The Mayor of London said moving to The Crystal in Newham would save £11.1m a year in rent and charges.
The Norman Foster-designed City Hall, by Tower Bridge, has been the official home of the Greater London Authority (GLA) since it opened in 2002.
A formal consultation on the move will run for six-weeks.
Under the plans the Mayor’s Office and London Assembly would move to the GLA-owned The Crystal in the Royal Docks, which was commissioned to be one of the most environmentally sustainable offices in the world.
The lease for City Hall was agreed with a private landlord, the Kuwaiti-owned St Martins Property Group, in 2001 and is due to run for 25 years.
But the agreement allows for a break in the contract after 20 years – in December 2021 – which will be the only chance the GLA has to leave early.
The mayor believes the rent, which is set to rise to £12.6m a year in December 2021, is above market value.
Tim Donovan, Political Editor, BBC London
The Lord Foster building has its fans – not least those enthralled by the spiralling staircase at its core.
But when it first opened it was likened to a fencer’s helmet and a giant testicle.
There was always some unease it was on a private site owned by anonymous international investors.
For a while there’s been speculation about what the rent would be raised to when the lease came up, especially now the area has been transformed by restaurants and bars, the HQs of leading accountancy firms and a new theatre, drawn partly at least by the political anchor tenant.
Over the years, the ninth floor panorama has formed the backdrop to countless mayoral announcements, melodramas and embarrassments.
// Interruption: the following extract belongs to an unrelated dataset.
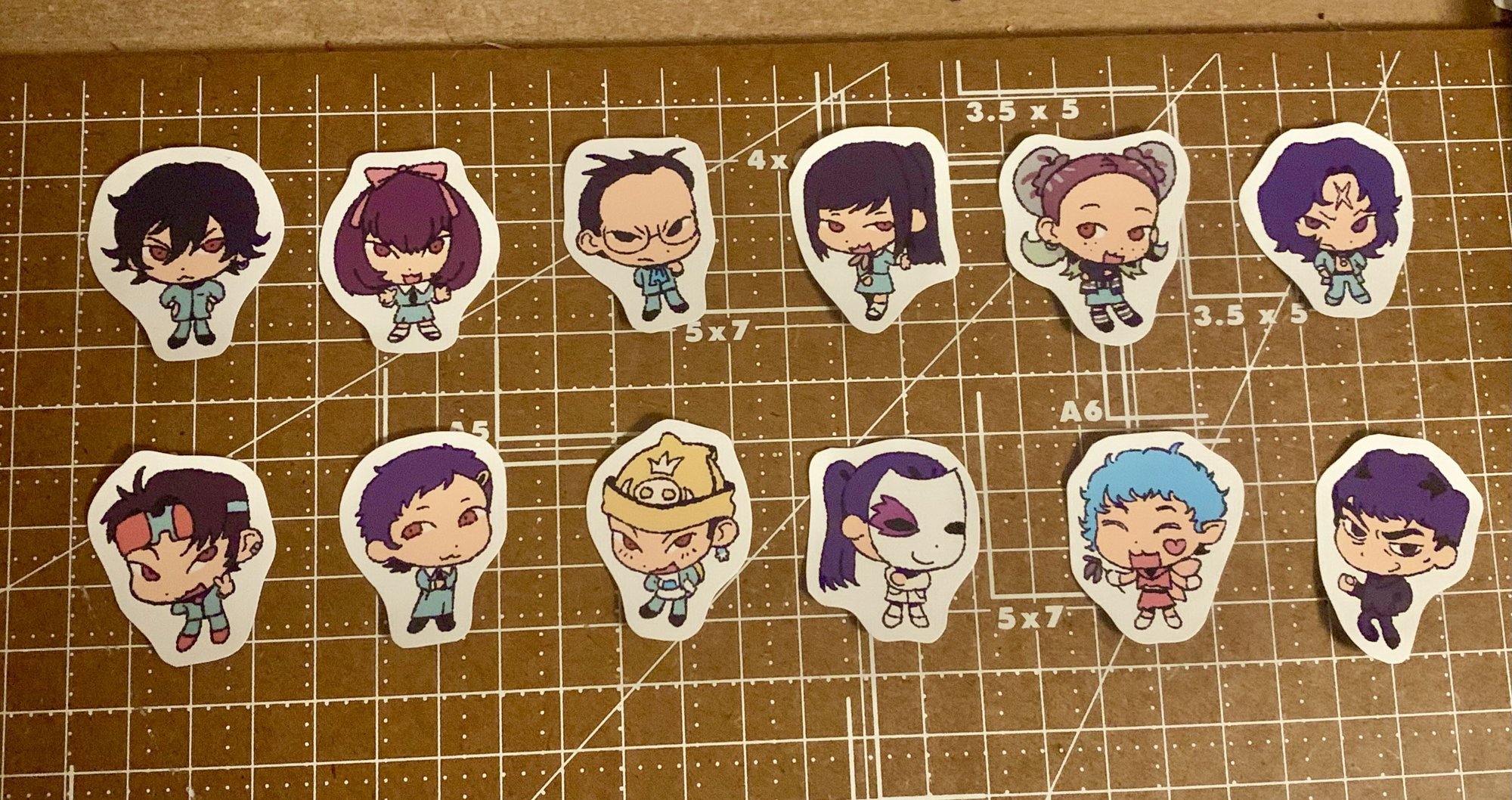 Hand printed and cut on glossy sticker paper. About 1 inch tall
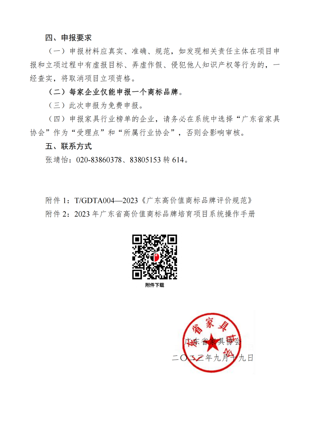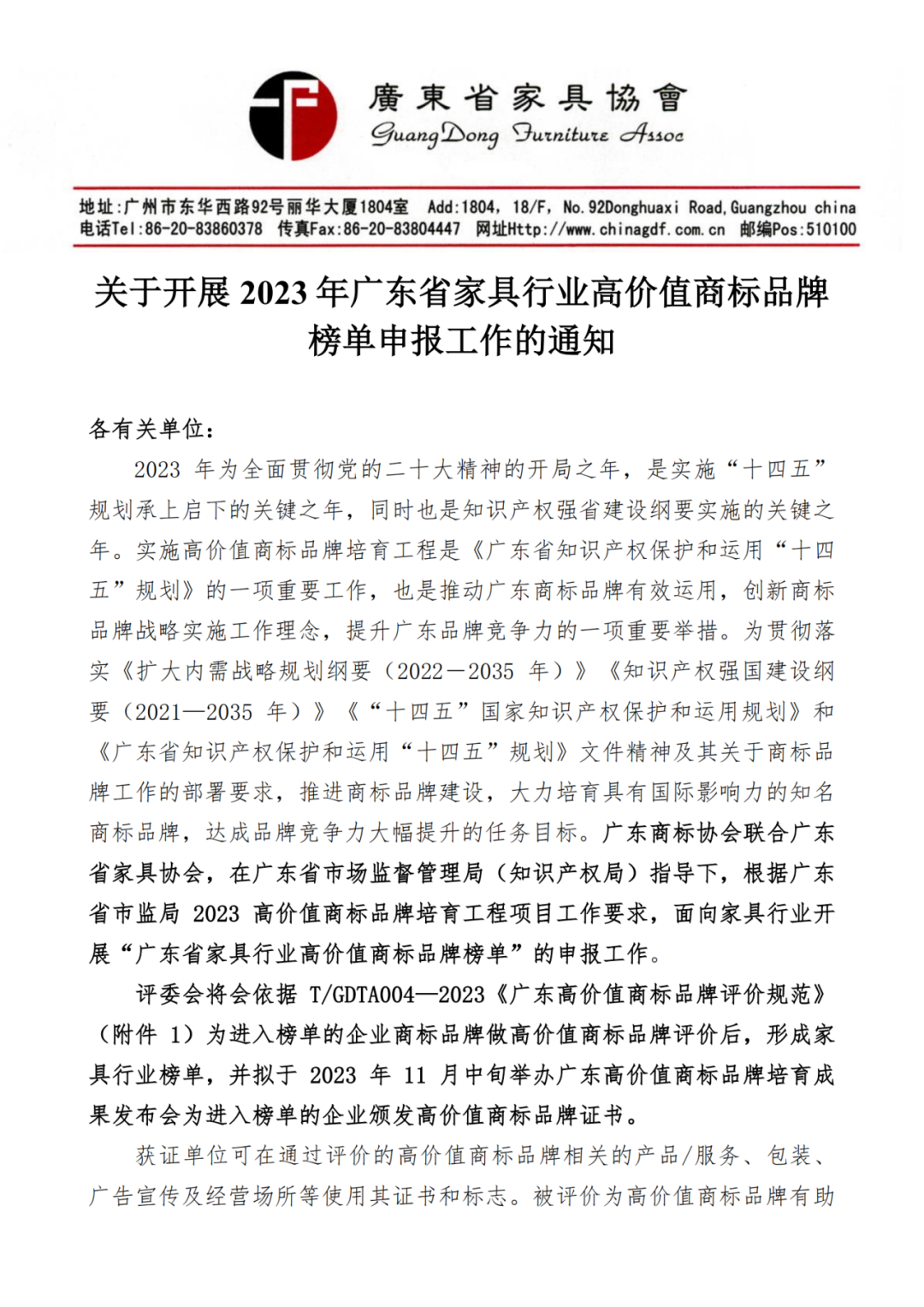 【协会通知】关于开展2023年广东省家具行业高价值商标品牌榜单申报工作的通知

Mr Khan said: “My first priority will always be to protect funding for frontline services, including public transport, the Met Police and the London Fire Brigade.
“In normal times, it would be standard practice for any mayor to consider utilising the lease break-clause on the City Hall building that becomes possible this year.
“In the current financial context, and with the looming black hole in London’s public finances, it would be negligent not to do so.”
The Met Police, London Fire Brigade, Transport for London (TfL) and the GLA are expecting a combined budget deficit of £493m over the next two years.
The hole is due to a forecast reduction in tax receipts from firms paying business rates and householders not able to keep up with council tax bills.
The mayor will cut his own pay by 10% and freeze pay for his senior staff.